Let’s address the “boring” issue. What I wrote and believe is that hyper-local content, most often written by community members, is often “boring” to people who don’t care about the topic. BUT, when targeted to the right person (and this is where personalization technology comes in), it’s incredibly powerful and important. Ergo, sites that present a citizen-powered collection of news items (which inevitably include lots of press releases from community groups and others) need an overhaul.

For example, here’s a list of the “Featured” stories on July 2, 2008, from the Boulder, Colorado, section of Yourhub.com, a citizen journalism site operated by E.W. Scripps and the Rocky Mountain News in Denver. (Boulder is where I live, and I do care about local news and information.

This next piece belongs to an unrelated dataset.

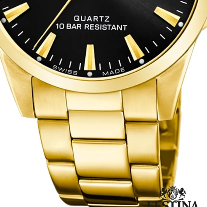 Diese einzigartige Uhr für Herren aus der aktuellen Festina Swiss made Kollektion garantiert hohen Tragekomfort durch das hochwertige Edelstahl-Armband in gold. Die Armbanduhr mit analoger Anzeige und präzisem Armbanduhr ist ein zuverlässiger Begleiter in Alltag und Freizeit.

I’ve lived in Boulder for about 13 years, and I lived here once before in the late 1970s and early 1980s. Ergo, I’m pretty well rooted in this community.) Presumably, since these are included in the Featured block on the home page, these are the best submitted stories covering Boulder. By Potts’ reasoning, I should be interested in these stories.

  1. Hop on the biodiesel bus, don’t forget your bike. A 1-paragraph press release report about how Bike to Work day was a success; published 2 weeks ago.
  2. Annual festival ‘a circus’. 1-paragraph press release about a Boulder juggling festival, including a bunch of photos of the jugglers; published 16 days ago.
  3. A Little Light Music. An event description (press release) for a musical theater production at the University of Colorado; published 9 days ago.
  4. Boulder Creek Festival Kick-Off Concert! Press release about the Boulder Creek Festival, which was held over Memorial Day; published over a month ago.
  5. Congratulations to Boulder-area graduates. Yourhub.com staff put this together; it’s a compilation of links to lists of Boulder County high school graduates. Published over a month ago.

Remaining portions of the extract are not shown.